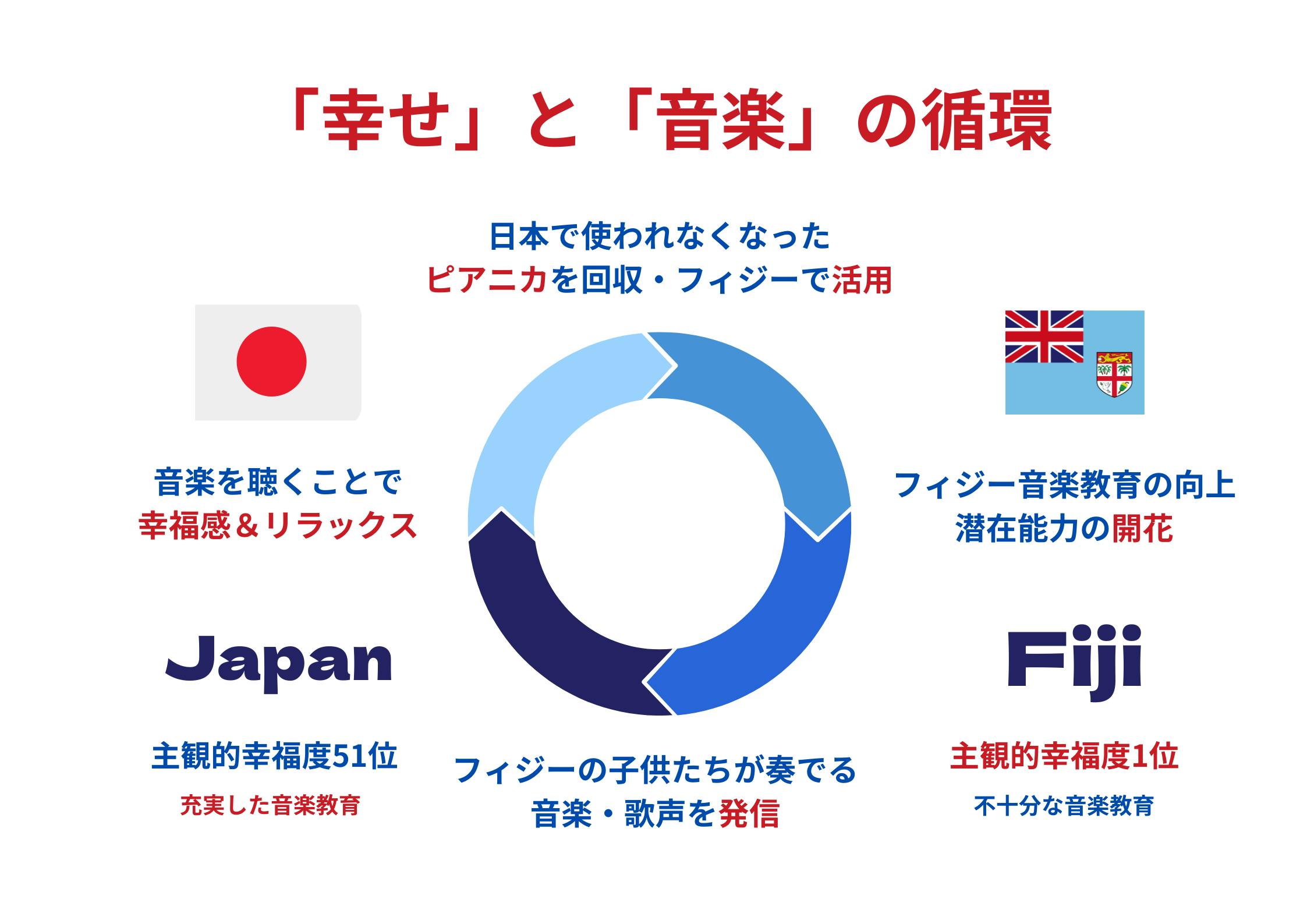 このプロジェクトは、そうした国際「共」力の第一歩です。まずは、日本で使われなくなったピアニカをフィジーの小学校に届け、子どもたちが音楽を学ぶ機会をつくります。そして、寄贈していただいた方へは、ピアニカを通してフィジーの子どもたちが奏でる音楽を、ミュージックビデオという形でお届けします。この活動が広がっていけば、フィジーは音楽教育の充実という形で恩恵を受け、日本側はフィジーのリアルな暮らしや価値観に触れることで、新たな視点や癒し、音楽を通じた幸福感を得ることができます。実際、音楽が幸福度を向上させるという研究結果は多く報告されており、音楽を聴くことで脳内のドーパミンが増加し、ストレスが軽減されることが分かっています。本プロジェクトを通じ、主観的幸福度が世界でもトップクラスと言われるフィジーから「幸せを奏でる音楽」が生まれ、世界中の人々に希望や癒しを届ける存在になるでしょう。
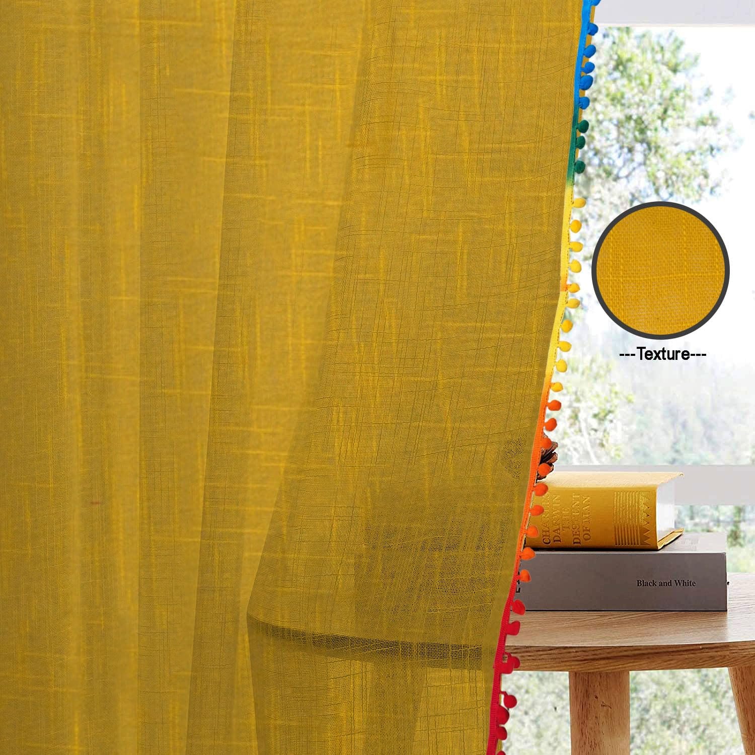 Seasons 7 Feet Door Curtains with Multicolor Pompoms, Mustard.
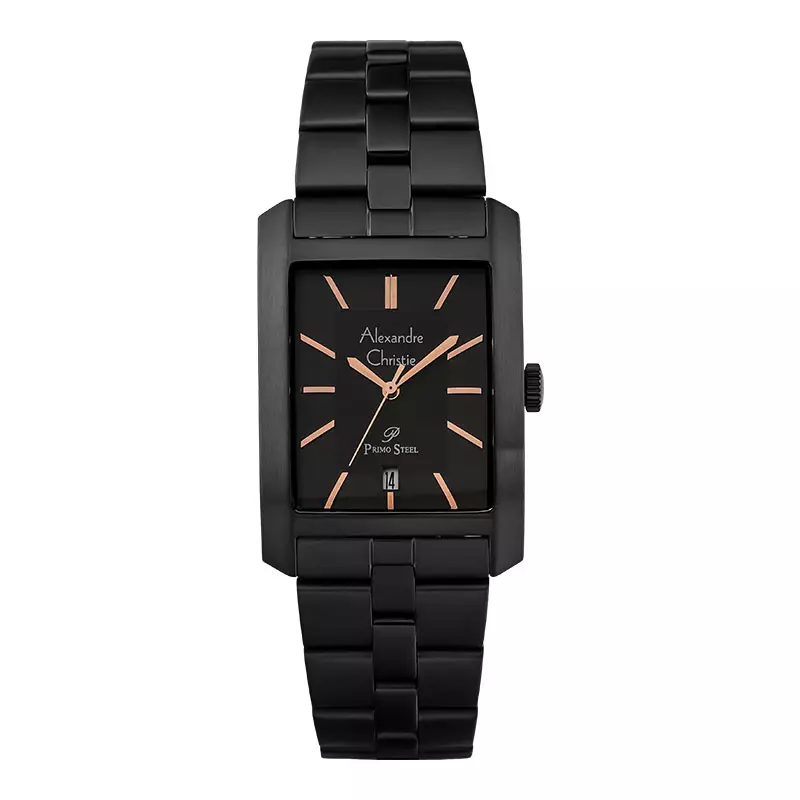 Jam Tangan Pria Alexandre Christie Primo Steel AC 1019 MD BIPBARG Men Black Dial Black Stainless Steel
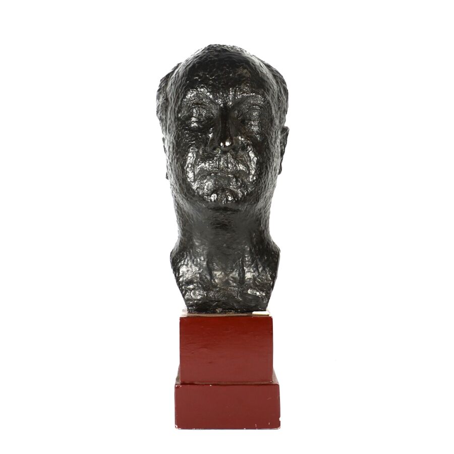 Marguerite COUSINET (1886- 1970), "Portrait de Pierre Benoit", sculpture en bronze à patine brune, signée en creux à l'arrière, présentée sur un socle, H. Totale : 52 cm (petits manques au socle).
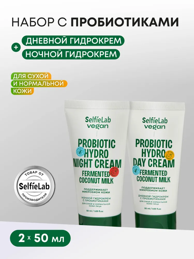 Подарочный набор Дневной и Ночной гидрокрем с пробиотиками для сухой и нормальной кожи лица, линия Vegan, товарный знак SelfieLab
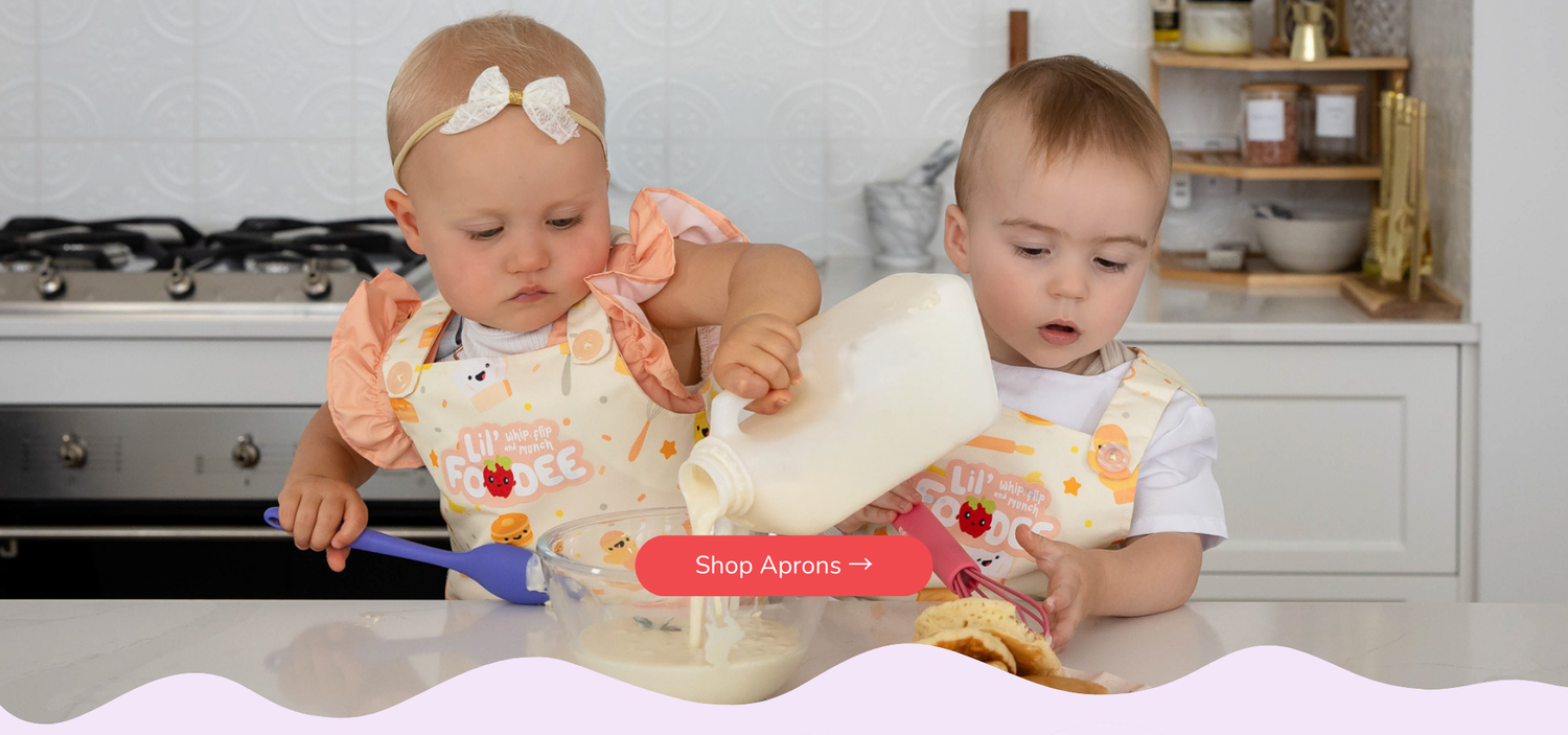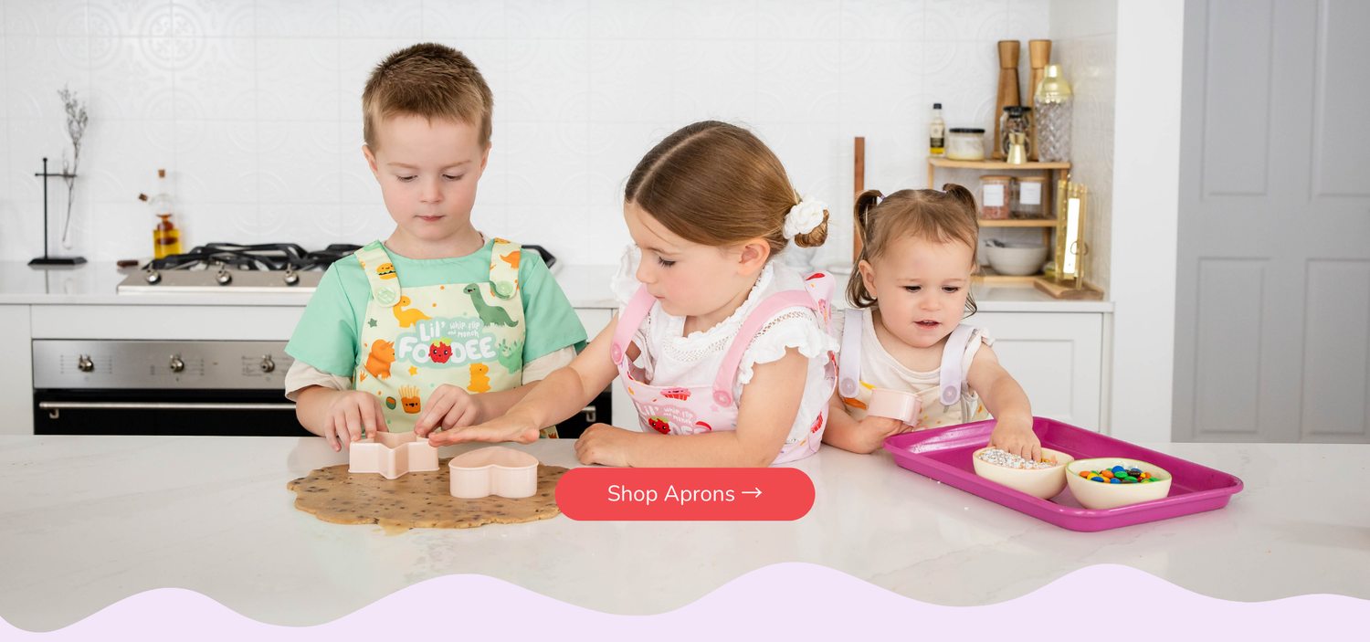 Our aprons are wipe-clean, independence-friendly and comfy enough for everyday play. Choose the style and pattern that fits your little foodie's vibe.
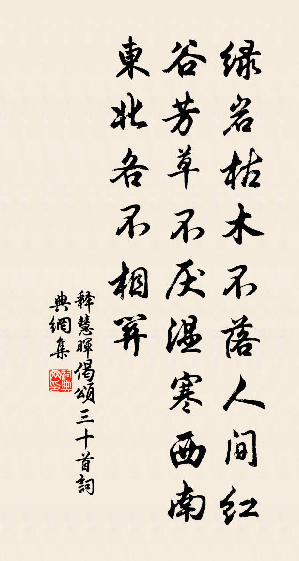 詩詞名句歷史字典書法欣賞書法字典國語詞典說文解字康熙字典古漢語字典標 題 作 者 詩 句 偈頌三十首作者:釋慧暉 朝代:宋代偈頌三十首原文綠岩枯木,不落人間。紅谷芳草,不厭溫寒。西南東北,各不相關。詩詞問答問:偈頌三十首的作者是誰?答:釋慧暉問:偈頌三十首寫於哪個朝代?答:宋代釋慧暉偈頌三十首書法欣賞偈頌三十首書法作品詩詞推薦菩薩蠻曹勛〔宋代〕蕭蕭還是秋容暮。爐薰已冷氳香注。猶記踏香塵。東風滿院春。冷煙迷望處。聲斷闌乾雨。無計問行雲。黃昏空掩次韻羅偉正寺丞見遺之什李彌遜〔宋代〕鵰鶚逢秋已恨遲,公才如此尚誰羈。江城樽俎未三月,世路干戈方百為。去馬便如千里別,斷葭已作十分披。它年臨水亭施肩吾〔唐代〕只怪素亭黏黛色,溪煙為我染莓苔。欲知源上春風起,看取桃花逐水來。聞王員外新恩有寄齊己〔唐代〕欲退無因貴逼來,少儀官美右丞才。青袍早許淹花幕,霜簡方聞謝柏台。金諾靜宜資講誦,玉山寒稱奉尊罍。西峰春情四首高翥〔宋代〕深院沈沈照落暉,寶香熏徹舊時衣。一春行樂誰為伴,羞見花前蛺蝶飛。道過京師二首曹勛〔宋代〕離離禾黍滿東郊,秋入鴉聲處處嬌。敗壁斷垣成悵望,一鞭又過懊來橋。訪銛朴翁不遇二首高翥〔宋代〕亂花飛絮趁長髯,來訪西湖竹裹庵。行盡白雲三十里,詩人又在白雲南。掃除小園未竟歸臥陸游〔宋代〕竹葉掃仍落,莎根鋤更生。陰陽常代謝,今昔各施行。勳業須時至,衰榮忌力爭。徑歸差省事,高枕聽蟬聲。十用喜雨韻三首吳潛〔宋代〕喜極夫何恨不禁,五更霜角夜聲沈。滴殘塞北征夫淚,點碎江南遊子心。久客情懷愁似織,休官時候夢非簪。寶陀橫浦十詠周程三先生書院劉黻〔宋代〕千載斯文冷,先生以道鳴。山川師友趣,日月弟兄情。門靜一松在,源深雙浦橫。兒童游里巷,猶喜說周程。口占洪咨夔〔宋代〕秋風已颯梧猶碧,宿雨才收稗亦花。天著工夫供醉眼,東鄰有酒不堪賒。暮坐中庭楊萬里〔宋代〕蚊子因涼減,蟬聲入暮多。有愁無處著,不飲欲如何。登師姑岩見城中大閱恍如陣蟻因思舊從戎吏亦蒲壽宬〔宋代〕晨起捫層巔,蒼茫見塵市。鼙鼓生遠陴,壺蠭在幽耳。遙知細柳屯,於時閱軍士。俯彼萬鎧群,微哉一窖蟻。初集次韻陳履常張公龍潭蘇軾〔宋代〕經明宣城宰,家此百尺瀾。鄭翁不量力,敢以非意乾。玄黃雜兩戰,絳青表雙蟠。(事見《龍公碑》。)烈氣斃強泛舟登弁山祥應宮之絕頂望太湖窺黃龍洞過倪程公許〔宋代〕苹浪蹴帆移別浦,筍輿邀我度遙岑。雲開辰澤水銀溢,風掠洞庭螺翠深。神井千尋龍起蟄,幽岩四面石成林。蘇仙雜劇·鯁直張千替殺妻佚名〔元代〕楔子(外一折雲了)(正末扮張千上,開)小人是屠家張千的便是。家貧親老,不多近遠有個員外,待要結義小人書後湖集趙蕃〔宋代〕我懷蘇養直,不作漢三公。隱墅人安在,春溪草自豐。遺文尚亡恙,斯道未應窮。會與吾尊友,青燈話此翁。戚氏蘇軾〔宋代〕 * 山。東皇靈媲統群仙。絳闕岧嶢,翠房深迥,倚霏煙。幽閒。志蕭然。金城千里鎖嬋娟。當時穆滿巡狩。翠華送人宰永泰方乾〔唐代〕北人雖泛南流水,稱意南行莫恨賒。道路先經毛竹嶺,風煙漸近刺桐花。舟停漁浦猶為客,縣入樵溪似到家。下馬少年行三首·其三李白〔唐代〕君不見淮南少年遊俠客,白日球獵夜擁擲。呼盧百萬終不惜,報仇千里如咫尺。少年遊俠好經過,渾身裝束皆綺羅名句推薦盧家少婦鬱金堂,海燕雙棲玳瑁梁。沈佺期《古意呈補闕喬知之 / 古意 / 獨不見》 笑綠鬟鄰女,倚窗猶唱,夕陽西下。蔣捷《女冠子·元夕》 富貴必從勤苦得,男兒須讀五車書。杜甫《柏學士茅屋》 月有盈虧花有開謝,想人生最苦離別。張鳴善《普天樂·詠世》 休別有魚處,莫戀淺灘頭。佚名《增廣賢文·上集》 與君別。相思一夜梅花發。房舜卿《憶秦娥·與君別》 白髮悲花落,青雲羨鳥飛。岑參《寄左省杜拾遺》 人有短,切莫揭。人有私,切莫說。李毓秀《弟子規·泛愛眾》 登高望蓬流,想像金銀台。李白《游泰山六首》 安而不忘危,存而不忘亡,治而不忘亂佚名《易傳·繫辭傳下·第五章》

^^^^^^^^^^^^^^^^

Problem to solve: Each line above from the one containing "Jam Tangan Pria" through the one containing "Our aprons are" is to be returned verbatim. Nothing else, and no pictures.

Response box:
 Jam Tangan Pria Alexandre Christie Primo Steel AC 1019 MD BIPBARG Men Black Dial Black Stainless Steel
 Marguerite COUSINET (1886- 1970), "Portrait de Pierre Benoit", sculpture en bronze à patine brune, signée en creux à l'arrière, présentée sur un socle, H. Totale : 52 cm (petits manques au socle).
 Подарочный набор Дневной и Ночной гидрокрем с пробиотиками для сухой и нормальной кожи лица, линия Vegan, товарный знак SelfieLab
 Our aprons are wipe-clean, independence-friendly and comfy enough for everyday play. Choose the style and pattern that fits your little foodie's vibe.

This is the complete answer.